Lettie pushed through a stairwell door and waved to me. As she approached, the doctor took his leave of us and retreated down the corridor. I needed to talk to him. I tossed a quick “back in a minute” in Lettie’s direction and scurried off, chasing the white coat.
“Excuse me, doctor.” I tugged at his sleeve. “Is it possible that Dr. Sinclair is suffering from mushroom poisoning?”
The doctor stopped dead in his tracks and stared at me. He had sparkly brown eyes and a lively face. “Why? Do /y. ou suspect mushrooms?”
“We all had mushroom soup for dinner on Thursday evening.” I explained who “we all” was. “The rest of us were sick that night and part of the next day, but Dr. Sinclair never did seem to come out of it. Of course, we can’t be sure it was the mushrooms that made us sick, but I know some of them had been picked in the wild by the castle’s handyman, and the illness seems to have affected only those who ate the soup.”
“What were your symptoms?”
“Stomach cramps, vomiting, nausea.”
“I know very little about mushroom poisoning, Mrs …”
“Lamb. Dotsy Lamb.” I smiled and he smiled back. He had the most charming dimple on one side of his mouth.
“Aye. Do you have a minute? Come to my office. It’s down the hall.” He
ushered me into a cluttered office and ran his hand along a row of hefty medical books. He pulled out one with a title that included the word “Toxicology,” laid it on his desk, and turned to the index. I stood behind him awkwardly while he read. He hadn’t offered me a seat, and I thought it might be presumptuous of me to take one.
“This is going to take me a while,” he said, “but I can see that, with mushrooms, you could be talking about several different toxins as well as some psychoactive chemicals.”
“You mean hallucinogens?”
“Aye. Magic mushrooms, they call them.” He looked up from the book and winked at me. “The problem is that, within a few hours or a day, the liver will have altered most of these chemicals into various metabolites, that is, various break-down products. But the lab may be able to find these break-down products for us. I’ll put them to work on it.”

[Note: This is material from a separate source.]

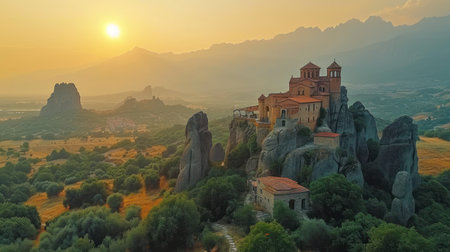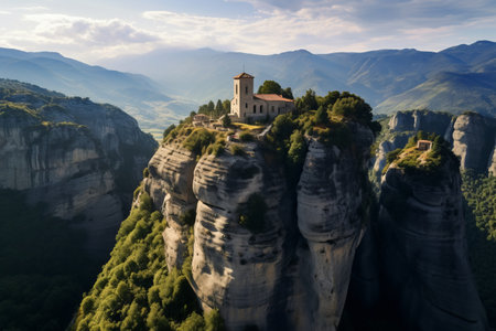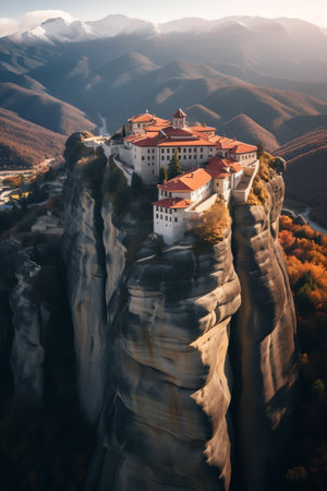 Generative AI : Aerial view of Iera Moni Barlaam Monastery on a natural pillar rock formation in Meteora Trikala Thessaly Greece
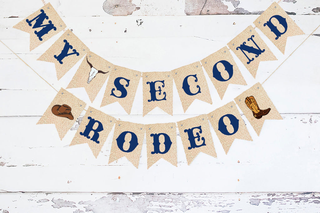 Cowboy second birthday party decor. My second rodeo banner. A fun western party decoration for a little cowboy turning two. The words My second rodeo printed on a simulated burlap background in navy blue, with a longhorn, cowboy hat and cowboy boot as the western themed images on this adorable Western 2nd birthday banner.

“Will it make any difference in the outcome for Dr. Sinclair?”
He led me to the door. “I fear it won’t, at this stage. After two and a half days, what’s done is done.”
I went back to Lettie, Tony, and Fallon. I still didn’t know the doctor’s name.
* * * * *
“You have to drive home, Dotsy,” Lettie told me on our way out. “They gave me a pain killer and made me sign a paper saying I wouldn’t drive for eight hours.”
“How do you feel?”
“Fine. They had to stitch me up, and they said I was lucky I hadn’t driven the pencil completely through the roof of my mouth. It could have gone right into my brain!”
“That beats damaging something you use.”
Lettie gave me a playful jab. “What happened to that nice policeman?”
We were in the parking lot by this time, and I hadn’t the vaguest recollection of where I had left the car. I sniffed the air for the smell of burning clutch, and spotted the little car under a tree, straddling two parking spaces. “Oh, right. What did happen to him? He should have at least written us a ticket. Shouldn’t we pay for the sign we trashed?”